Let us not overlook, though, another outstanding issue facing KPMG. Having been auditor to the Irish Nationwide Building Society and consultant to it in the society’s demutualisation, KPMG was subsequently appointed as liquidator in the run-down of the business, which is now merged with the Anglo-Irish Bank into the Irish Bank Resolution Corporation.
KPMG was not the auditor to the Anglo-Irish Bank – that was Ernst & Young (now called EY). As liquidator, KPMG is suing EY over its audits. (EY denies its audits were inadequate.) So far, KPMG has declined to sue itself over its own audits of Irish Nationwide. Under intense political pressure, KPMG has agreed to have the decision on possible legal action against itself being taken in a way that is not afflicted by a conflict of interest. (KPMG did not respond to a request for a comment on the issues related to Irish Nationwide.)

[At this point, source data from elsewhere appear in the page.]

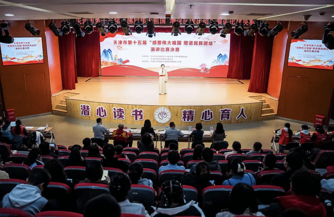 【通讯员 迪力夏提】10月25日,天津市第十五届“感恩伟大祖国,增进民族团结”主题演讲比赛、第十届高中班普通话比赛在我校大学生活动中心圆满落幕。此次活动由中共天津市委教育工作委员会、天津市教育委员会、天津市民族和宗教事务委员会联合主办,天津市少数民族学生教育管理服务工作室承办,汇聚了全市63支代表队,覆盖不同群体,以语言为纽带铸牢中华民族共同体意识。校党委常委、副校长李富森,天津市民族和宗教事务委员会民族二处处长穆怀寅以及8名专业评委应邀出席活动。
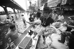 | ←在泰国首都曼谷郊区,居民受洪灾影响涉水撤离家园。 |
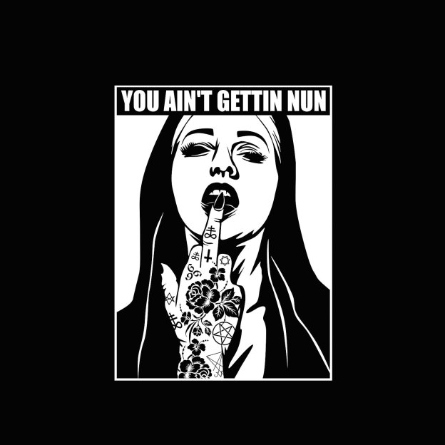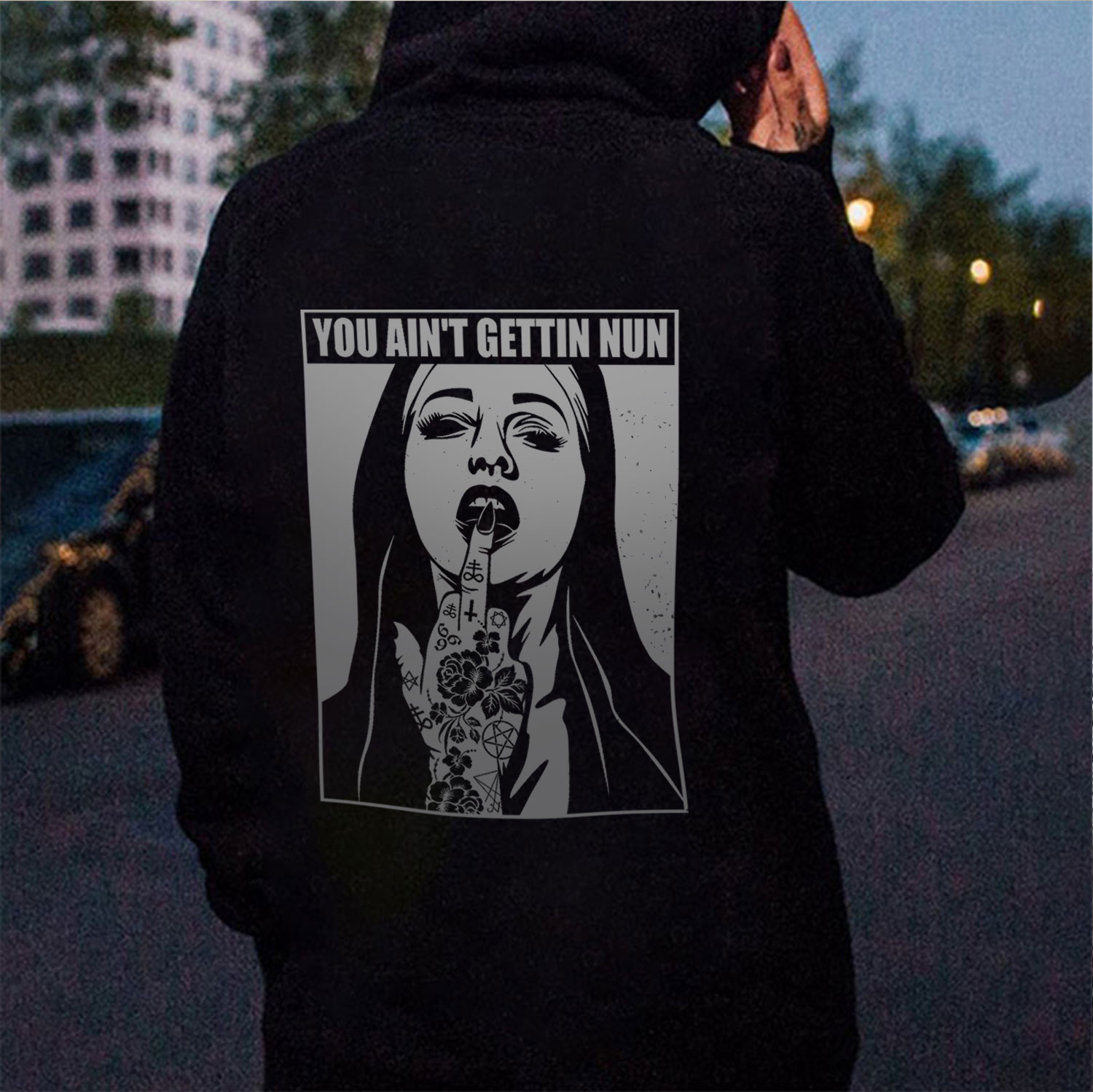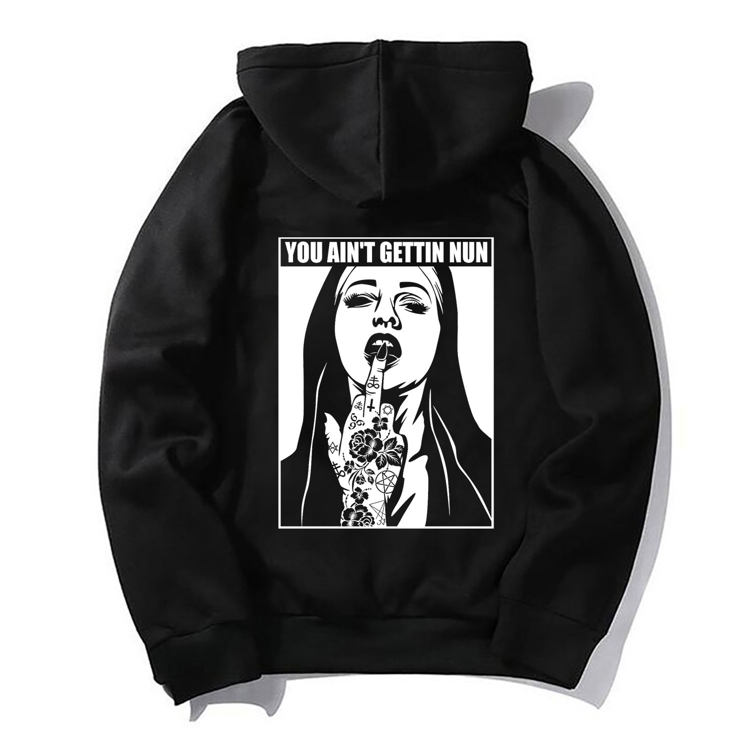 YOU AIN’T GETTING NUN with Rose Tattoo on Hand Black Print Hoodie
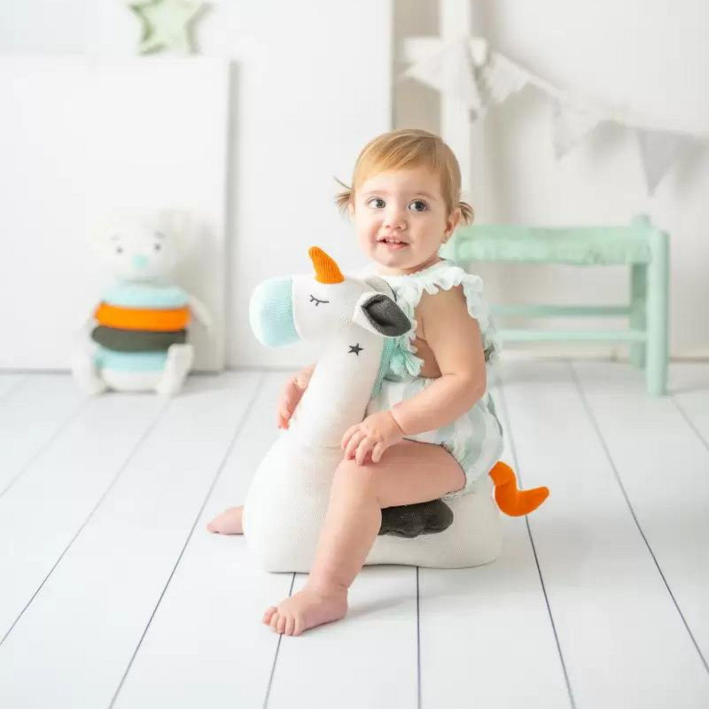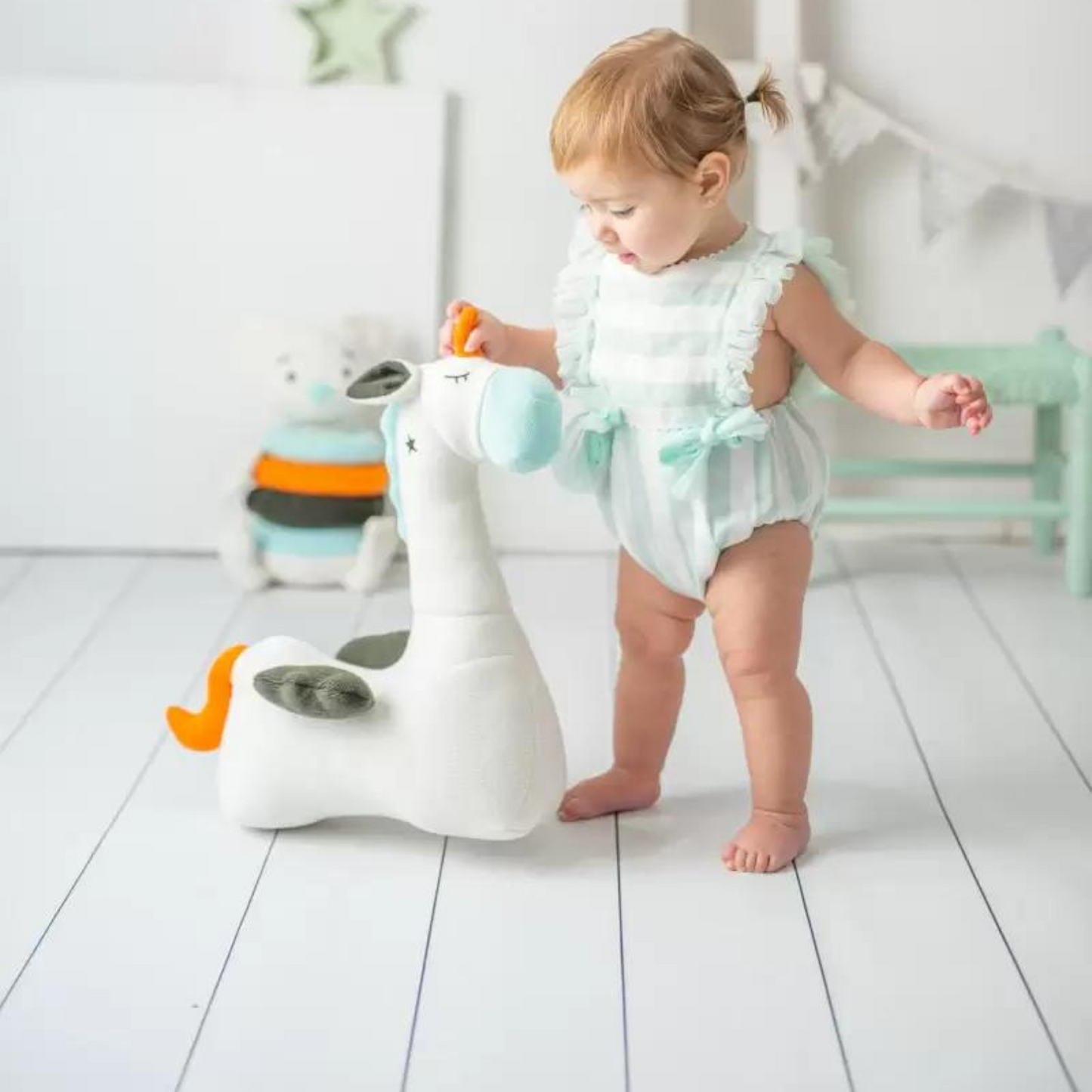 El Pegaso Mini cumple con estrictos controles de calidad y normativas de seguridad europeas (EN71), asegurando que es seguro para los niños. Los modelos grandes de esta colección incluso cuentan con una estructura interior de madera que soporta hasta 70 kg.

This must, one would think, be embarrassing for KPMG. Whether, though, it is more embarrassing than the investigations into its audits of the Co-operative Bank is difficult to say. Taken together it does present a severe reputational problem for the audit firm that achieved market dominance in the mutual sector.
This comes at a bad time, too. The FRC, the Competition Commission and the European Commission are all trying to break the stranglehold of the Big Four audit firms – KPMG, PwC, Deloitte and EY – and encourage more large companies to switch to mid-size firms, such as Grant Thornton and BDO.
The FRC’s Corporate Governance Code specifies that large listed companies should put external audits out to tender at least once every 10 years. The European Union is going further, preventing auditors from holding contracts for more ten years where there is a public interest. This is not merely to keep down costs, but also to ensure auditor objectivity.
Auditors’ responsibilities are to shareholders, or members in the case of a mutual. If auditors get too close to directors or management the necessary objectivity may be lost. Let us hope these principles are remembered during the forthcoming season of annual society meetings.